The Lakota believe the Black Hills to be our place of origin on this earthly plane. Lakota cosmology points to an actual physical place in the He Sapa called Wind Cave, where we emerged. Today, this sacred site has been commodified and turned into a tourist attraction, limiting our access for ceremonial use.
Mining history has become an essential part of the Black Hills tourism industry. Many old mining towns have been preserved and transformed into additional tourist attractions, offering visitors a glimpse into the region's "rich mining past.” Places like Deadwood and Lead have become popular destinations for tourists interested in the Wild West era and mining history.

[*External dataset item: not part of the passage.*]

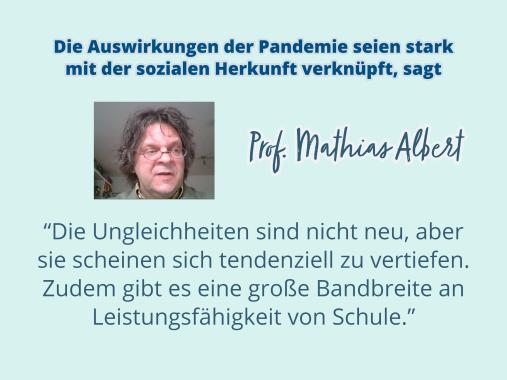 Kai Lanz hat mit Krisenchat.de ein gemeinnütziges Unternehmen mitgegründet, das jungen Menschen psychosoziale Beratung per Chat anbietet. Ein Großteil der Probleme, mit denen sich junge Menschen an sie wenden, seien unabhängig von Corona: „Da sieht man einfach eine unglaubliche Versorgungslücke, die es in dem Bereich gibt.“ Dass es vor der Pandemie schon Ungleichheiten gab, bestätigt Jugendforscher Mathias Albert: „Die Pandemie hat ja nicht nur Probleme erzeugt, sondern auch bestehende Probleme offengelegt.“ So werde der Einfluss der sozialen Herkunft auf den Bildungserfolg durch die Pandemie verstärkt. Johanna Börgermann, die sich in der Landesschüler*innenvertretung NRW engagiert, spricht den Druck an, unter dem viele Schülerinnen und Schüler stehen: „Das ist sehr frustrierend, wenn Präsenzunterricht mit Distanzunterricht gleichgesetzt wird, weil das einfach nicht klappt.“ Sie sieht dahinter ein strukturelles Problem: Es sei vorher zu wenig in Bereichen wie Digitalisierung, Sozialarbeit in Schulen und Weiterbildung von Lehrkräften getan worden.

But mining is not a thing of the past. Present day efforts often focus on other valuable minerals in the Black Hills region, such as uranium and rare earth elements essential for various modern technologies — lithium included. It’s all connected, and it’s hardly an overstatement to say that anywhere you look, extractive industry encroaches on Indigenous homelands. That must change going forward. If we’re to shift the trajectory of the climate crisis and create a better future for the coming generations, we must listen to the age-old wisdom of Indigenous peoples who understand how to live in balance with the Unci Maka, our Grandmother Earth.